Our host had a couple of exercises for us, both involving Lego’s naturally. The first was to give each person a small six piece Lego kit without instructions and instructed us to create a duck. We were only given a minute or so and all 28 of us produced a different style of duck, despite there only being six Lego bricks to work with. (Some of the ducks were, shall we say, arather abstract. But the point of how creative you can be with Lego bricks was made.) The second exercise was more straight-forward, assembling a small truck from a kit.
Hey, I’d like to see you come up with a better duck in a minute
After a lunch break, we settled in for a presentation on risk management and frank discussion of some of the challenges Lego faced in the 2000s. (and today) The presented was very lkely and walked us through Porter’s four forces as they applied to Lego.

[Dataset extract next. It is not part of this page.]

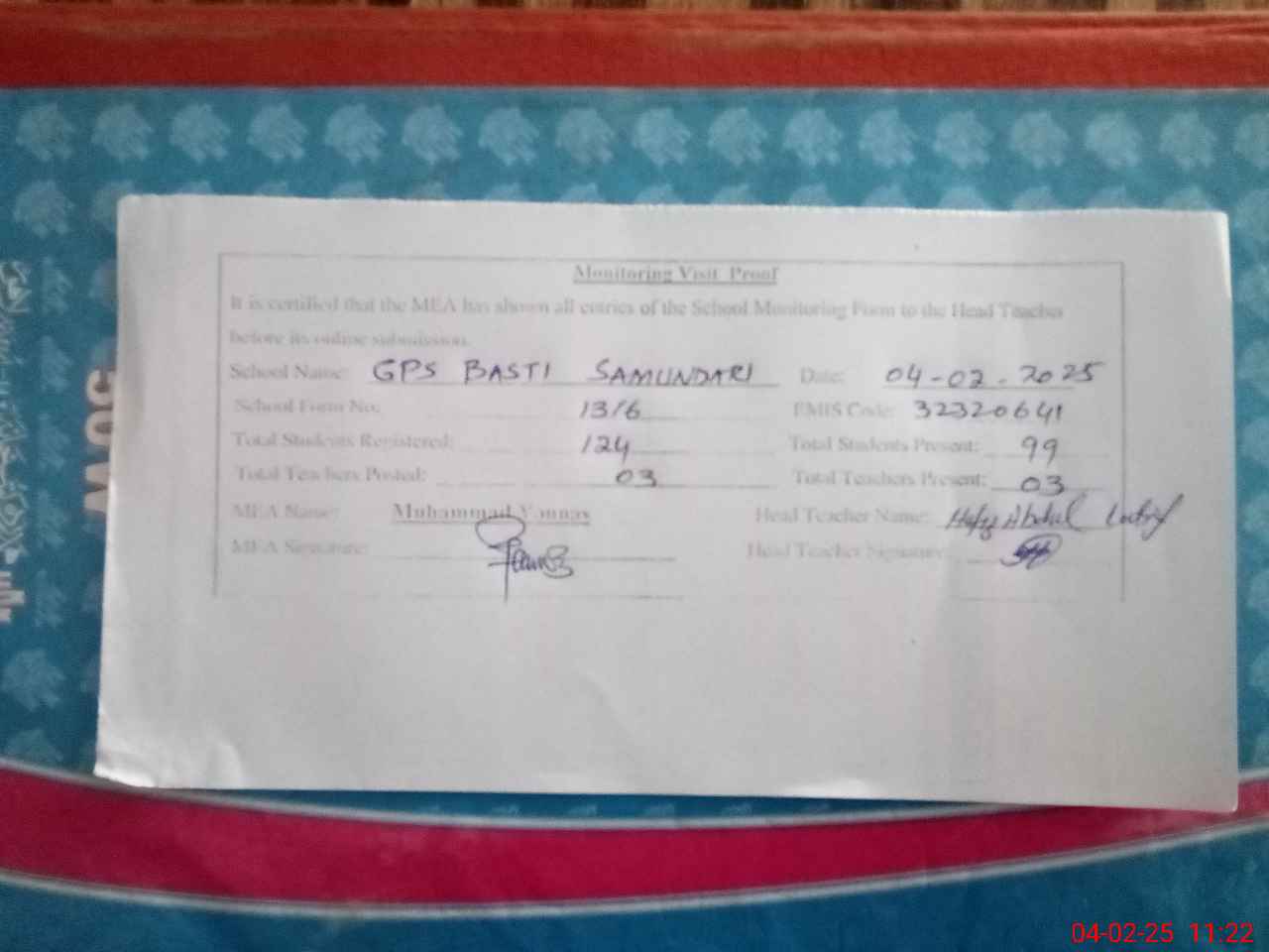 | EMIS Code: 32320641 | Name of School: GPS BASTI SAMUNDRI | |||

Lego has many strengths as a brand but they are in a very difficult industry with a product that has very short lifespans and is easy to duplicate. How easy to duplicate? The counterfiet package on the right in the picture below started appearing on shelves five weeks after the genuine Lego version was released.
A couple of other points of note was the intense seasonalty of Lego’s demand. 50% of their sales occur in the 10 weeks leading up to Christmas and 20% in the first three weeks in December. That makes demand forecasting, in an industry dictated by the fickle tastes of kids, crucial. But Lego has an ace up its sleeve. By delaying packaging as late as possible, and locating manufacturing facilities near the markets they serve, Lego can get product from factory floor to store shelves in as little as four days. This allows them tremendous flexibility in responding to changing demand
The presenter talked in detail about the seven primary processes Lego uses to run their operations. I will spare you listing all seven, but the key takeaway for me was this line: “Lego is run by processes not people.” I think that’s a great question to ask about our own companies. There were many additional insights (like how Lego creates a value proposition for retailers without lowering price) but the processes vs. people is a good thought to end on.
Lego was kind enough to let us keep the duck and truck Lego sets as well as a parting gift of another set. But while the corporate swag was appreciated, the real gift was the opportunity to see Lego’s production up close and hear an unvarished account of their strengths and weaknesses.
With that, I’ll close out this post as I need to get ready for our Carlsberg presentation today. At some pont, I’l add a supplimental post about our visit to Legoland.